(Stored data)
+ + + + +
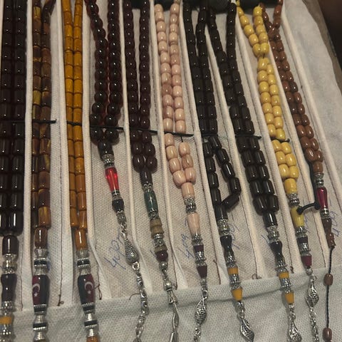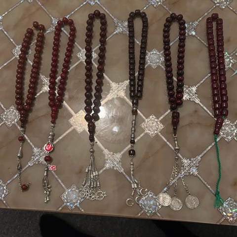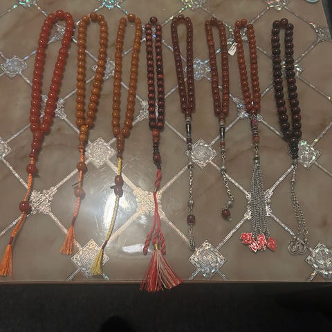Ukendt mærke tasbih perlekæder i forskellige farver og materialer. Kæderne består af runde perler monteret på snor med metal- eller snorafslutninger. Velegnet som bønnekæder eller som dekorative perlekæder. Flere varianter med forskellige perlestørrelser og længder ses på billederne.
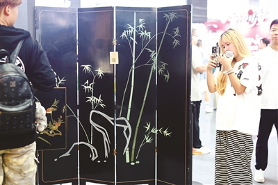 “太漂亮了!”来自绍兴的徐女士在“屏风之上”展区前连连赞叹。
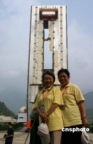 8月11日,开国元勋子女在四川西昌卫星发射基地参观。图为周恩来侄女周秉德(左)与秦邦宪儿媳郭少妹在发射架前合影。8月10日,“情系长征路——开国元勋子女重走长征路”一行抵达70年前中央红军长征到过的凉山。中新社发 田地 摄
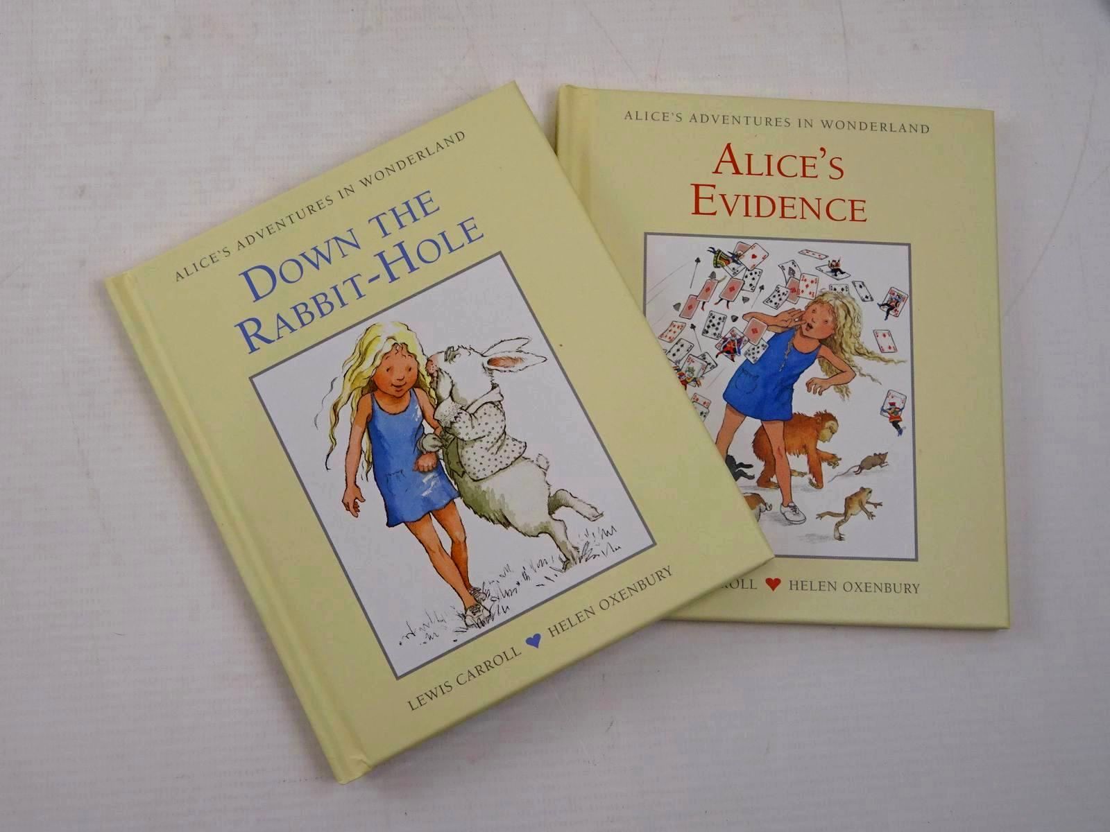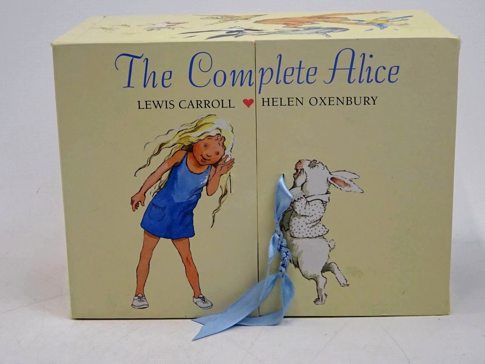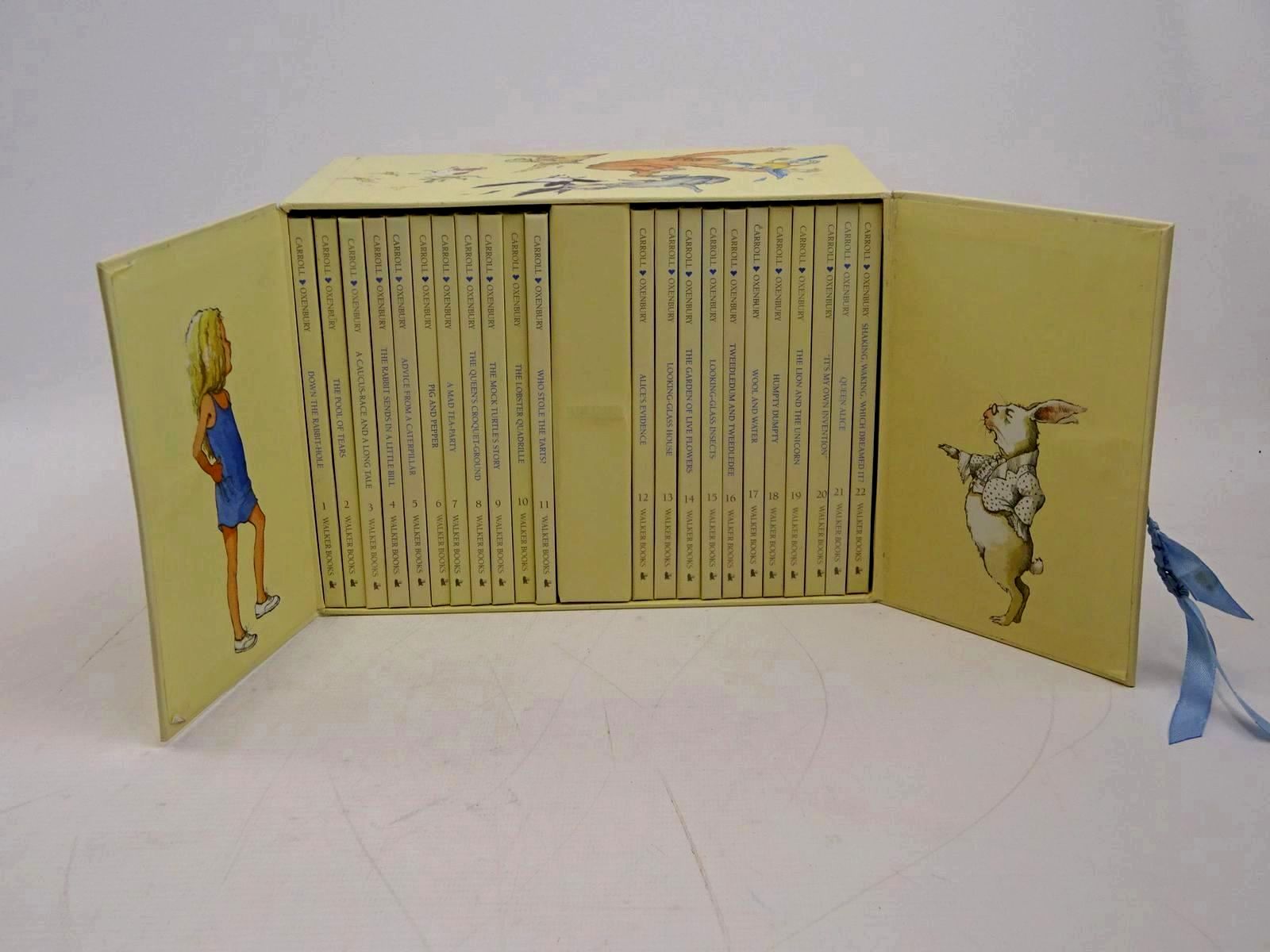 Fine condition. Alice's Adventures in Wonderland & Alice Through the Looking-Glass presented in 22 beautiful volumes (11 for each title). Each volume is a small hardback book with colour and b/w illustrations throughout. Held in a cream pictorial box with blue ribbon ties.
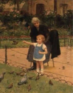 Feeding Pigeons With Grandmother
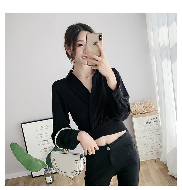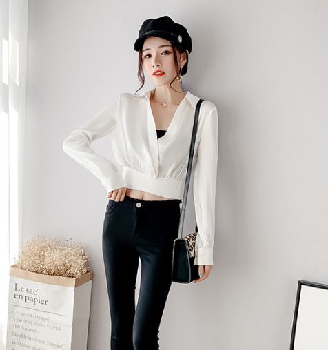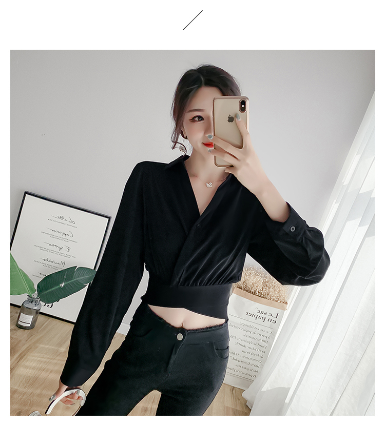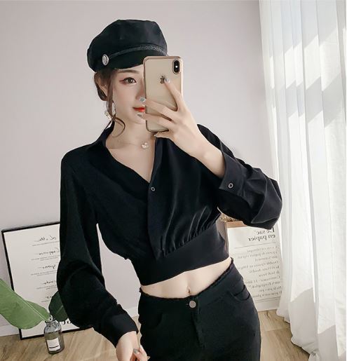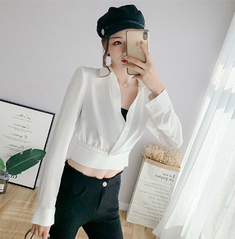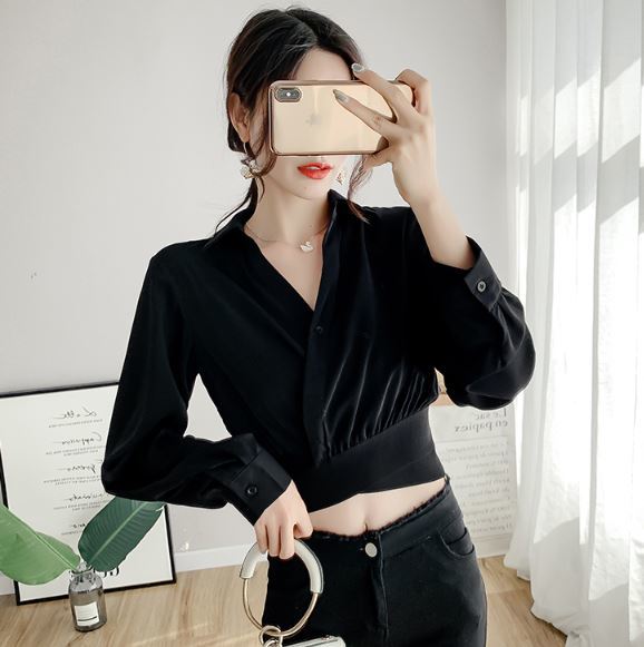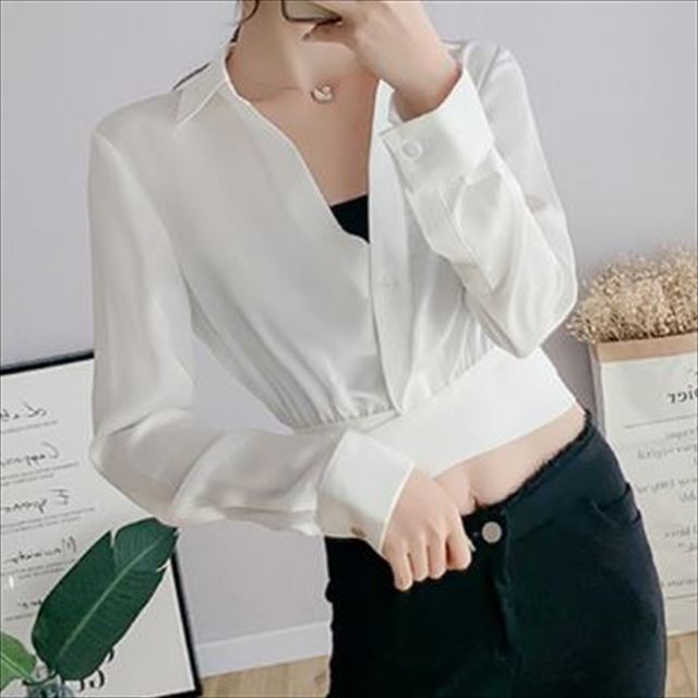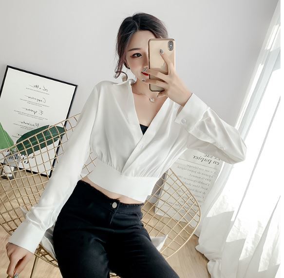 大きく開いたVネックとへそ出しデザインがセクシーな長袖シャツです。
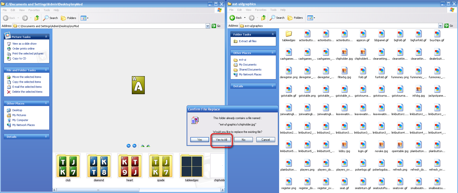 С приходом своим в сеть Entraction (B2B) и поняв, что мне здесь нравится, я задался вопросом, а как сделать так, что бы игра здесь была еще приятнее. Или, проще говоря, какой мод поставить, что бы удобнее было играть. На вопрос в соответствующей ветке форума я не получил ни единого ответа. Пришлось рыться самому. Результатами своего "расследования" с радостью делюсь: Первое, что придется сделать - это скачать какой-нибудь мод. Я скачивал много и отовсюду. Потом перекраивал с учетом своих требований ( а основное из моих требований - минимум графики и украшений. Глаз не должен уставать при мультитэйблинге и остается место для статов). Вот такой мод я сообразил: Не буду упоминать авторов всех фрагментов (их деяния в свободном доступе в интернете), разве что не забуду поблагодарить Aprisobal за Chip Count Изображенный комплект модов можно скачать тут Если вы захотите изменить какую-либо часть, меняйте сами (или скачивайте готовое) и вставляйте потом по той же самой инструкции. Для начала, что мы будем менять: непосредственно сам стол (table.jpg) место игрока, чей ход в данный момент (seatinturn.gif) места остальных игроков, (seatoutofturn.gif.gif) рубашка карт (fold.gif) изображение баттона (dealerbutton.gif) чипсы у дилера - или куда надо кликнуть что-бы пополнить стек (поскольку я использую АвтоРебай, я вообще убрал это изображение, для чего использовал chipholder.jpg) папки club, diamond, heart и spade хранят изображения карт папка tableedges хранит углы столов. Если вы меняете изображения стола на любое, отличное от оригинала, используйте содержимое этой папки из приведенного выше источника! для отображения размеров ставок нужно заменить pokerclient.jar, посдедняя версия которого всегда есть тут, а последняя на момент написания данного поста включена в основной архив Итак, КАК это все применить у себя на компе (извините, что написано чрезмерно подробно, но лучше так, чем те описания, которые мне удалось найти): 0. Закройте покер-клиент (покер-программу) 1. Создайте у себя на компе папку, куда сохраните те файлы которые считаете нужным заменить. Если вам нравится тот стиль который изображен выше - качайте тут ШАГ 1 ничего не меняя ( Если хотите что-то изменить - меняйте соответствующий файл в архиве ). Разархивируйте файлы в этой же папке. ШАГ 2 Потом перейдите в папку с установленным клиентом (для Windows XP по умолчанию это C:\Program Files\B2BPOKER\NoiQpoker) и зайдя в опции папки включите отображение расширений для известных типов файлов (уберите голочку из чек-бокса, указанного на картинке): ШАГ 3 Потом зайдя в папку, с установленным клиентом (в моем примере это Noiq poker), переименуйте файл ext-resources.jar в ext-resources.jar.zip (клик правой кнопкой мыши и выбор Rename (Переименовать) ШАГ 4 Появится окно, предупреждающее, что Вы собираетесь переименовать расширение файла. Соглашайтесь ШАГ 5 Теперь этот файл выглядит как папка. В которую и заходим. ШАГ 6 Потом заходим в ext-ui ... ШАГ 7 и в ней в graphics ШАГ 8 Теперь копируем все, кроме pokerclient.jar из приготовленной нами папки с МОДом в папку graphics. ШАГ 9 В появившемся окне с предупреждением о совпадении и замене файлов кликаем Ок ШАГ 10 Теперь возвращаемся обратно на 3 уровня выше (в корневую папку клиента) и совершаем обратное переименование из ext-resources.jar.zip в ext-resources.jar: И последнее, в главную папку клиента копируем файл pokerclient.jar (единственный не использованный нами до сих пор). Я бы рекомендовал все же последнюю версия этого файла брать отсю
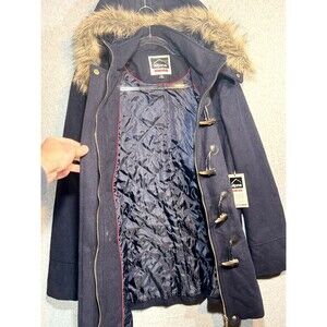 Alpine Swiss Duffy Wool Coat Women's M Navy Faux Fur Trim Hooded Toggle Button.
+ + + + +
#### [Exercise instructions]
Every line above in the stretch from the one with "Feeding Pigeons With Grandmother" through the one with "大きく開いたVネックとへそ出しデザインがセクシーな長袖シャツです。" is to be transcribed exactly, ends included. No picture is copied.

#### [Exercise result]
 Feeding Pigeons With Grandmother
 大きく開いたVネックとへそ出しデザインがセクシーな長袖シャツです。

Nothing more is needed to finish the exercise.